Add ability to schedule recurring incremental backups #359

HoustonPutman · 2021-10-28T21:49:28Z

Resolves #303

Still needs a bit of love, but the bulk of the work should be there.

TODO:

Documentation & Changelog entry
Cleaning up logic around restarts
Rebase after other backup PRs are merged
Manual testing

gerlowskija · 2021-10-29T17:05:52Z

Whoa man, this is awesome. Thanks for picking this up - you took it right off my TODO list haha.

I've just taken a glance so far but intend to give it a more thorough review this afternoon (or Monday at latest).

One preliminary comment that I'm sure will put my foot solidly in my mouth once I actually review the code: I'm surprised to see that the scheduling functionality is exposed in the 'solrbackup' CRD as opposed to a new, separate resource type.

Did you consider a separate CRD at all, and if so was there a reason you decided to do same-CRD?

(When I thought of starting this work myself I assumed the backup-schedule functionality would have to be a separate CRD - so now I'm trying to recall whether that was just an assumption on my part or whether there was a particular reason behind that thought haha

Maybe it was jut a conceptual misunderstanding or inflexibility on my part? In my head I've always conceptualized 'solrbackup' as being scoped to tracking the progress of a single, one-off backup. A user might be surprised that some solrbackup resources represent one-offs that will never impact the cluster again, and others represent ongoing periodic work that'll continue indefinitely.)

HoustonPutman · 2021-10-29T17:36:52Z

I never really considered a separate CRD. Generally CRDs are a necessary evil, and therefore the less the better IMO. The reason why this fits really well into a single CRD, in my opinion, is that the options would be identical between the two, except the recurring backup has an additional setting for recurrence. Because of this, it makes a ton of since to have them share the CRD. Otherwise every option we add to the SolrBackup CRD, we would also have to add to the RecurringSolrBackup CRD.

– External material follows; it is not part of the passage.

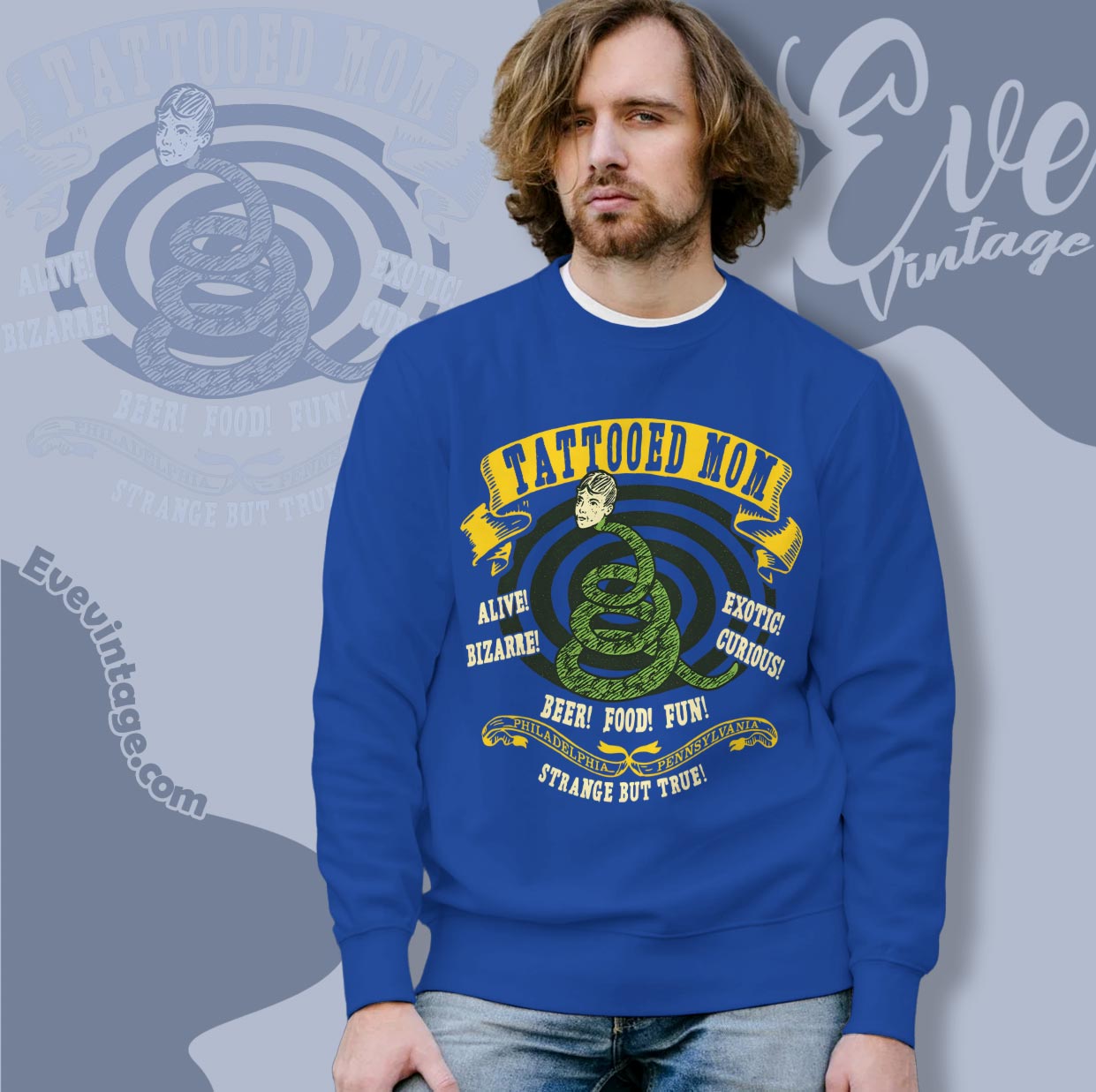 The design featured on this Tattooed Mom Bar Shirt - Philadelphia Dive Bar Tee is available in multiple styles: Unisex T-shirt, Women T-shirt, Long Sleeve T-shirt, V-neck T-shirt, Unisex Pullover hoodie, Unisex Sweatshirt, Tank top. You can also buy them for all ages and genders, from Toddler, Kids, Youth, and Adults.

Think of a kubernetes Headless Service / regular Service (with clusterIP). They are pretty different in usage, much further apart than SolrBackup and RecurringSolrBackup would be. However they share a single resource type, because they share almost every option, and are used for the same reasons. Users can distinguish them easily enough by looking at the options. (described more below)

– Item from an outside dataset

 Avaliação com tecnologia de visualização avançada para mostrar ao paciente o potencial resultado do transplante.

A CRD & controller pair is complex, the less complexity we add to the project, the better.

A user might be surprised that some solrbackup resources represent one-offs that will never impact the cluster again, and others represent ongoing periodic work that'll continue indefinitely.

We can fix this quite easily. When you run kubectl get solrbackups, the data it returns is not random, it is selected by us here. We can add a column(s) here to make it much more clear to the user what the solrbackup resource is doing. Maybe we add "Schedule" and/or "Next Backup Time". That way when you run kubectl get solrbackups, it is very easy to tell which ones are one-off, and which ones are recurring.

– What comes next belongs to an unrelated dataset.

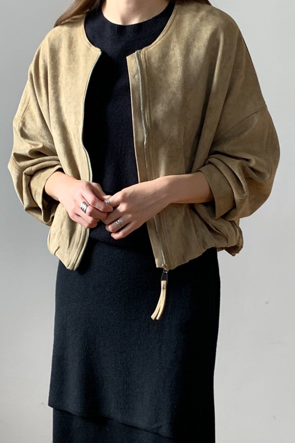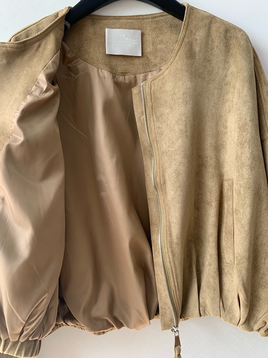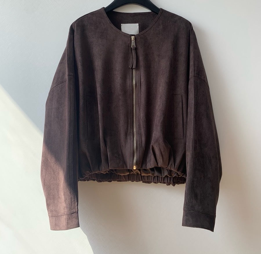 A modern twist on a classic silhouette, this suede blouson jacket features a clean, collarless neckline and a subtle balloon shape for an elevated, sculptural fit. The soft faux suede adds rich texture, while the zip closure and gathered hem provide structure without stiffness. Perfect for layering over knits or dresses for a refined yet relaxed autumn look.

I also really like the idea of someone taking a backup and then realizing they need it to be done on a schedule. They wouldn't need to delete the SolrBackup resource or create something else. All they would have to do is edit their SolrBackup resource, adding the recurrence section. At that point, the controller would work fine and treat it as a recurring backup that has been taken once already.

gerlowskija · 2021-10-29T17:46:24Z

Cool - that all makes sense to me, thanks for clarifying!

gerlowskija

This looks awesome!

All of the code itself looks good (aside from tests which I imagine you just haven't gotten to yet). I do have two suggestions/question about the feature overall though:

Confusingly, incremental backup 'deletion' doesn't really do a full delete: instead it removes only the metadata associated with the backup, potentially leaving index-files behind. Any backed up index-files that are no longer used must then be deleted by a separate garbage-collection process called "purging."
IMO we should handle this purging process for users: either by triggering a "purge" on every backup, or by exposing a purgeEvery setting alongside maxSaved to allow a less aggressive approach.
I can imagine a lot of users might use recurrence but want some way to temporarily disable it while they do a perf test, upgrade, bulk data loading, etc. What do you think about putting an "enabled" flag in BackupRecurrence to let users temporarily disable things without totally deleting the solrbackup?

gerlowskija · 2021-11-01T20:03:45Z

api/v1beta1/solrbackup_types.go

+	// +kubebuilder:default:=10
+	// +kubebuilder:validation:Minimum:=1
+	// +optional
+	MaxSaved int `json:"maxSaved,omitempty"`


[0] This is mostly subjective preference, but I'd vote for a smaller default value here. For collections with a lot of churn, 10 backups might be a lot of data to store by default. Would you be open to a lower default like 3 or 5?

Very open. I literally just chose a number here. I am very happy to differ to whatever you think it should be. Give the call and it is done.

I set the default to 5

HoustonPutman · 2021-11-02T15:04:10Z

I'm content with a purgeEvery option in Solr. I'm not sure I understand why you would want un-garbage collected index files laying about, but that's definitely a different issue. We can definitely go ahead and purge after every backup until the purgeEvery option is added. (Oh now I realize you mean a purgeEvery option in the CRD. I think we can assume that would be equivalent to saveEvery.)
I did talk with @anshumg about a ticket that saw some issues with purging that does make me a bit wary to do it always. https://issues.apache.org/jira/browse/SOLR-15706
We should make sure that's not an issue before going forward with that.
That's a good idea. I do think I want to have it "enabled" by default. Which is easy to do with those kubebuilder annotations.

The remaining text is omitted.